Join us every week for a trip into the weird and wonderful world of trailers. Whether it’s the first teaser for the latest instalment in your favourite franchise, an obscure preview for a strange indie darling, whether it’s good, bad, ugly or just plain weird – your favourite pop culture baristas are there to tell you what they think.
Matt is inching ever closer to completing his epic journey through the works of Ingmar Bergman. This week he wrote about the lesser-known Brink of Life – but, he argues, it definitely deserves more recognition than it has received to date. That lack of recognition is reflected by a lack of a trailer – unless we search further afield and find this video advertising a Hungarian stage adaptation of the film from 2011.

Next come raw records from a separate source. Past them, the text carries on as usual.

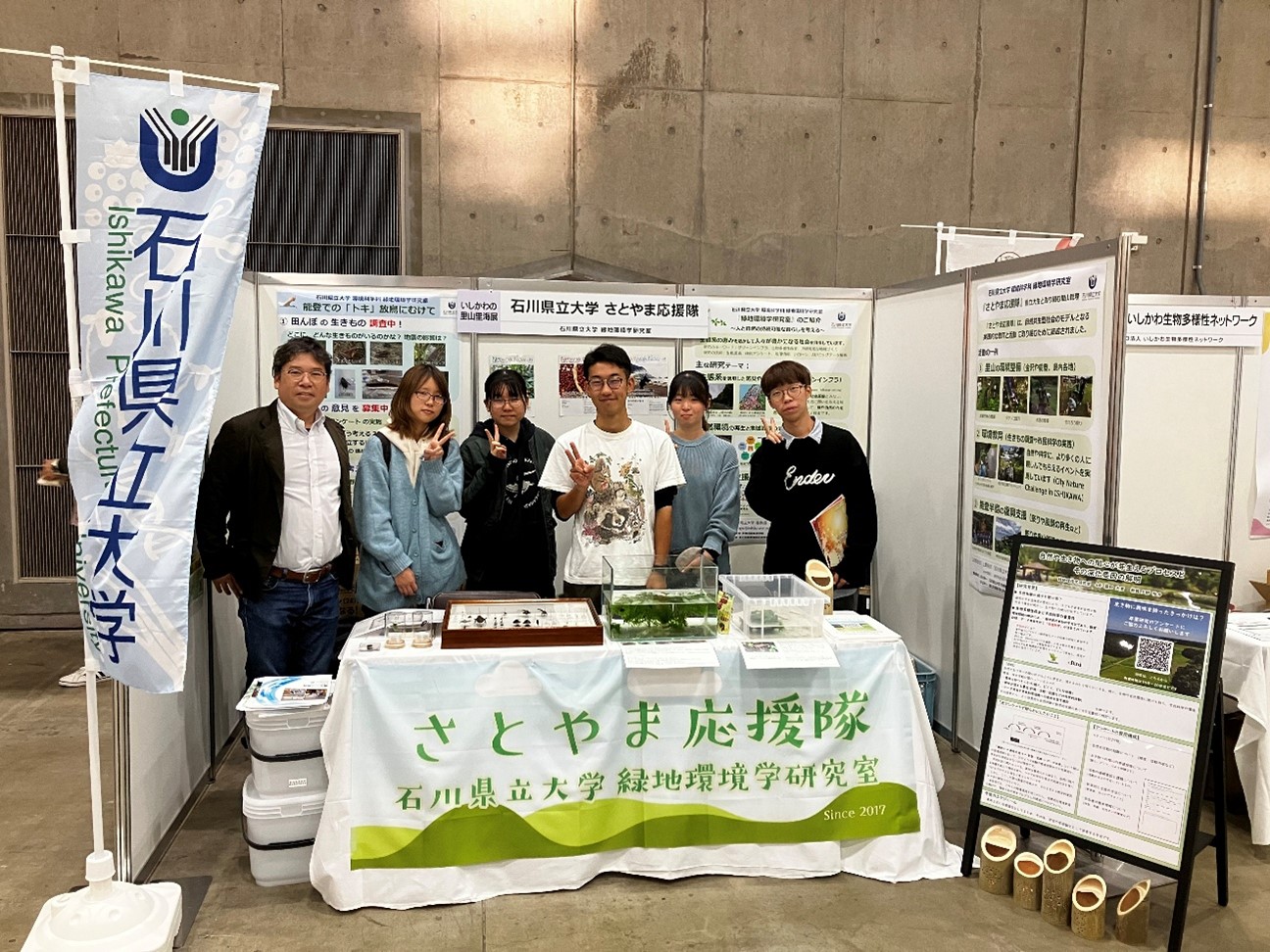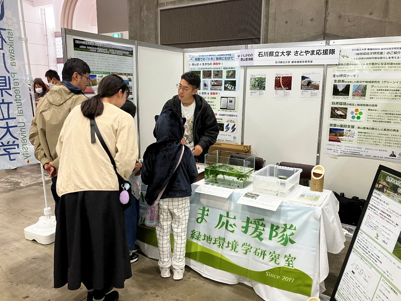 11月1日・2日、石川県産業展示館で開催された「いしかわの里山里海展2025」に、今年も緑地環境学研究室とポケゼミさとやま応援隊が出展しました。本イベントは石川の農林漁業まつりと同時開催され、里山里海の恵みや食、生きものを紹介する恒例行事です。
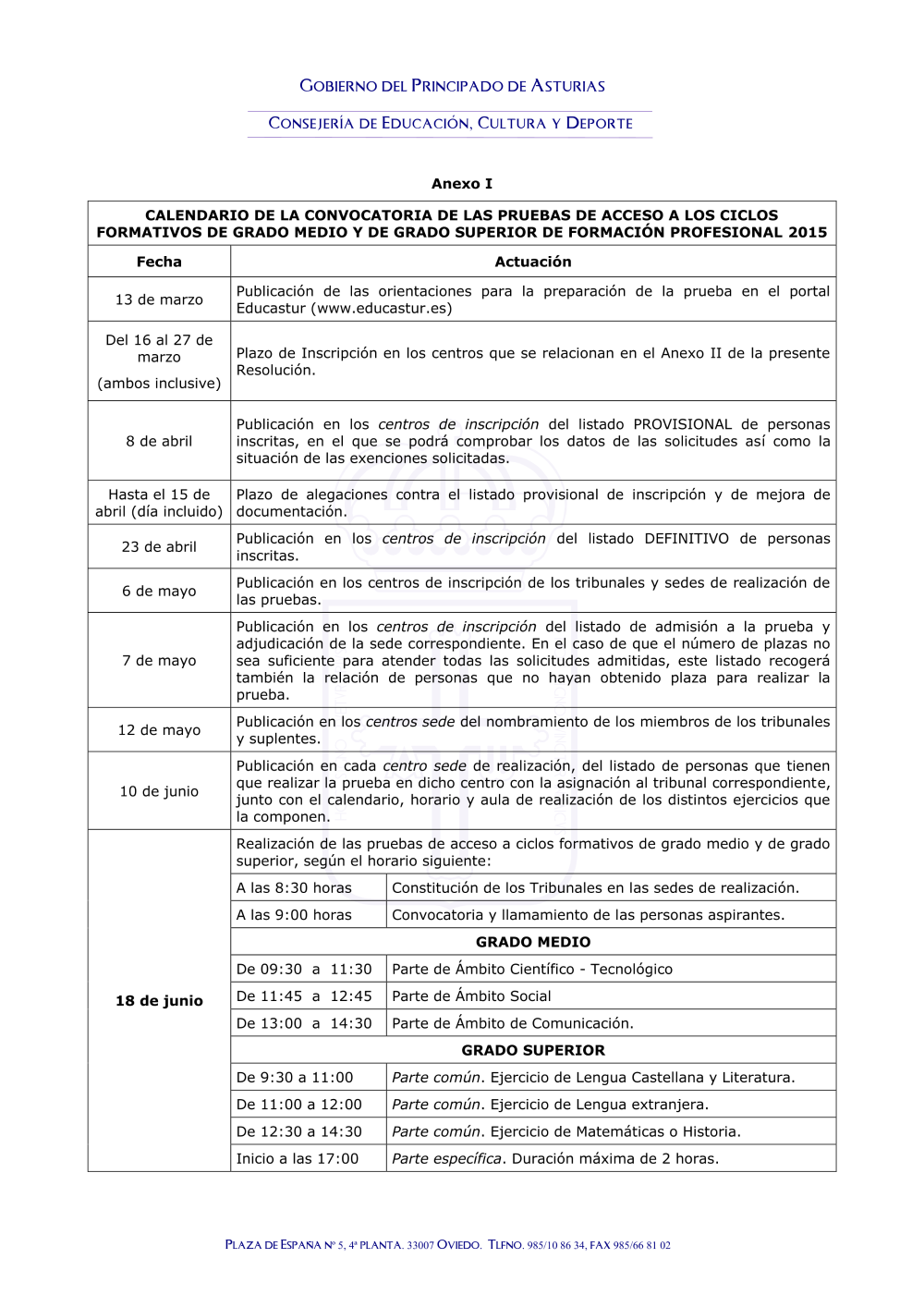 - Anexo I. Calendario pruebas de acceso ciclos
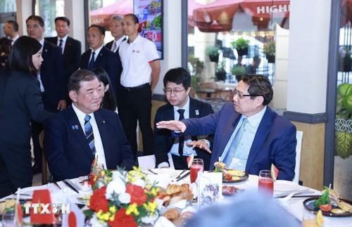 Prime Minister Pham Minh Chinh (right) and Japanese counterpart Ishiba Shigeru have breakfast and enjoy Vietnamese coffee together on April 29 |

This week’s Six Damn Fine Degrees addresses the enigma that was Orson Welles – so, instead of a trailer, here’s a lovely scene from Tim Burton’s Ed Wood (trigger warning: contains Johnny Depp), in which the titular character encounters Welles, portrayed by Vincent D’Onofrio and voiced by Maurice LaMarche.
And finally, this week saw the release of the final episode of our podcast series, Summer of Directors – ending in style with a discussion about Martin Scorsese.
Which takes us to our regular trailers for the week.
Mege: I don’t know why it took so long to find King Richard III’s remains, but it sounds like the kind of adventure I would be up for. And Sally Hawkins is always, always good. I owe her some strawberries.
Matt: I have to admit that I’m a bit puzzled at this: what’s the point of dramatising political events this fresh? And what’s the point of turning Boris Johnson into a dramatic figure, when really he’s the kind of politician who needs to be satirised by the likes of Armando Iannucci? What’s the artistic purpose here, and what is the position? (Seriously, not having a position on the omnishambles of British politics in the last half-dozen years is either ignorant, cowardly or both.) Is it just the curiosity of putting Kenneth Branagh in thick makeup so that he looks like something produced by one of the more down-market deep-learning AIs when you enter the prompt “boris johnson but, like, on a really bad day”?